8 miesięcy temu założyłem swoje prawdziwe konto na Tinderze z moimi najlepszymi fotami po looksmaxxingu z nałożonym filtrem z FaceAppa. Miałem 127 par w chwili usunięcia konta. 4 nieudane randki z 4 dziewczynami. Cringe level over 9000, wyraźnie niezainteresowane. Zazwyczaj widać było już po pierwszym spojrzeniu - "Na zdjęciach wyglądałeś lepiej".

Ale za 5 razem weszło. Poznałem Julkę (imię oczywiście zmienione żebyście jej nie wystalkowali). Kilka spotkań na schodkach nad Wisłą. W końcu zaprosiła mnie na hehe "film" do siebie. Najpierw całowanie, macanki i stało się. Po raz pierwszy w życiu uprawiałem seks.
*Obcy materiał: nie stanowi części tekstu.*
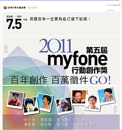 最近又到了台灣大哥大舉辦的myfont行動創作獎比賽日期了,今年又剛好是民國一百年,所以大家有空就來參加吧~
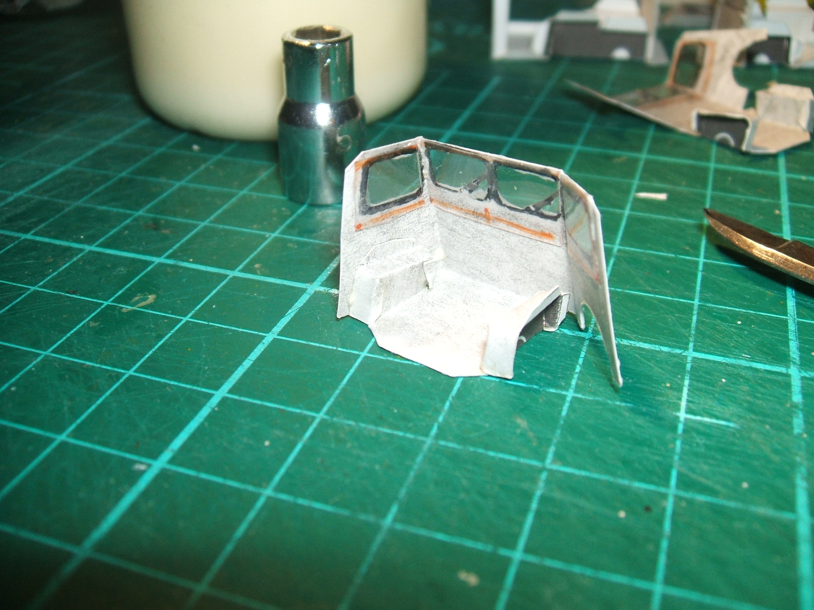 Le collage bord à bord du capot avec des cales les deux faces arrières avec les reliefs rapportés et les lunettes évidées. Au dos, il y a un renfort de carton 0.6 mm collé. Le collage de la caisse en sera facilité. La petite vitre arrière est collée à la uhu colle tout et une petite pièce de papier la bloque proprement en place. Suite au prochain envoi.
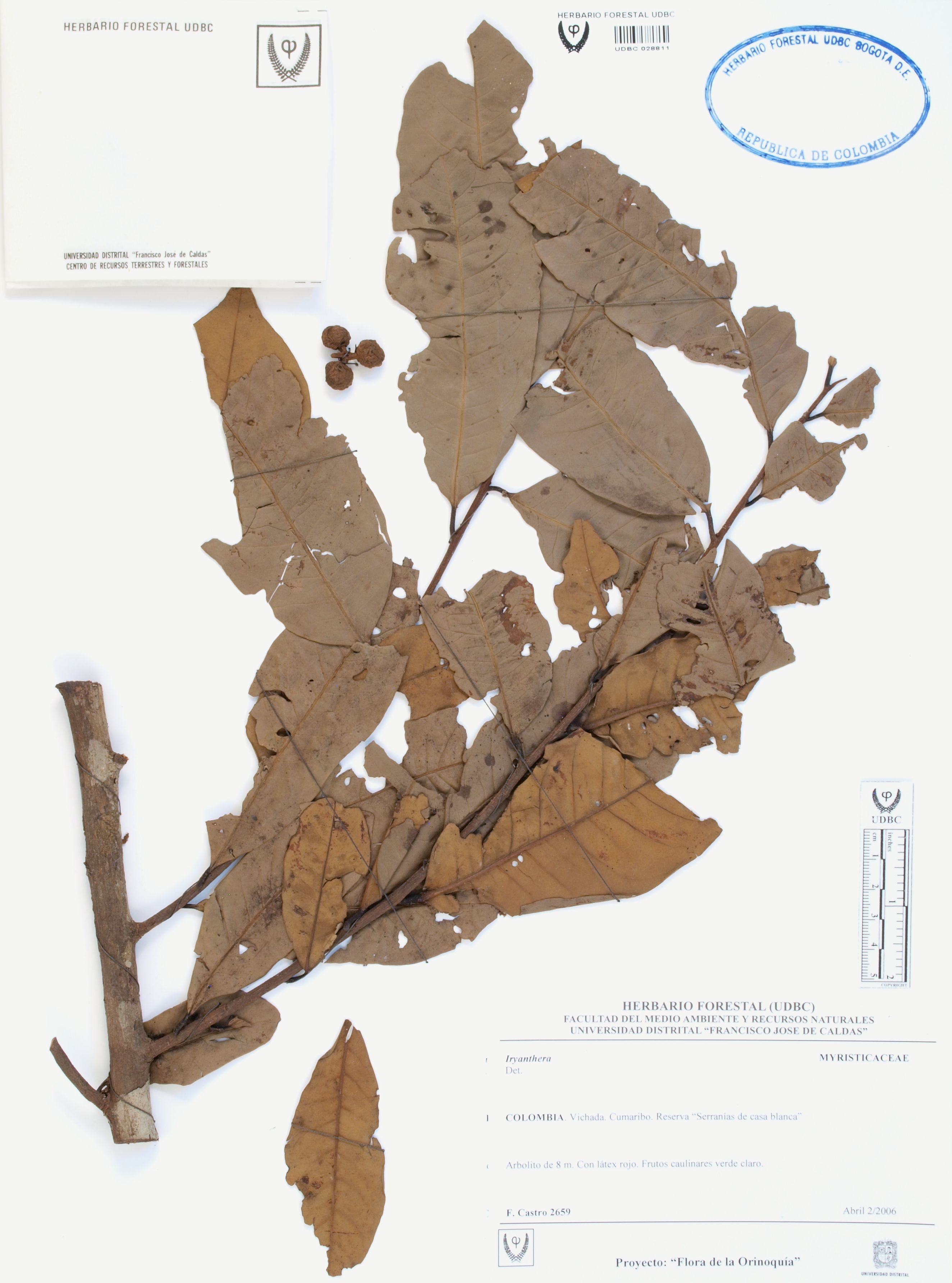 | dc.description | Fotografía del ejemplar Castro, F. 2659, determinado como Iryanthera sp. | |

Wyszło tragicznie oczywiście. Skłamałem jej, że byłem w 1 związku i miałem kilka ONS-ów, żeby nie wyjść na spierdoxa prawiczka. Nie powiedziała mi, ale na 99% się domyśla, że kłamałem. Nie wiem jak z tego wybrnąć, ale nie dopytuje się.

I teraz najważniejsze.

Dlaczego nie pisałem o tym? Bo wiedziałem, że zostanę zmieszany z błotem. Wiedziałem to zanim jeszcze @WykopekBordo zrobił coming out. Wtedy jeszcze jakkolwiek czułem jedność z tagiem i zależało mi na atencji. Seks jest boski. Żałuje, że nie wziąłem się za siebie wcześniej, a dopiero w wieku 26 lat.

Moje eksperymenty na Tinderze nigdy nie owocowały wystawieniem jakiejś dziewczyny. Żadna z nich nawet zapewne nie pamięta, że pisała z którymś z moich fałszywych kont. Ma się to nijak do akcji przegrywów z ostatniego tygodnia.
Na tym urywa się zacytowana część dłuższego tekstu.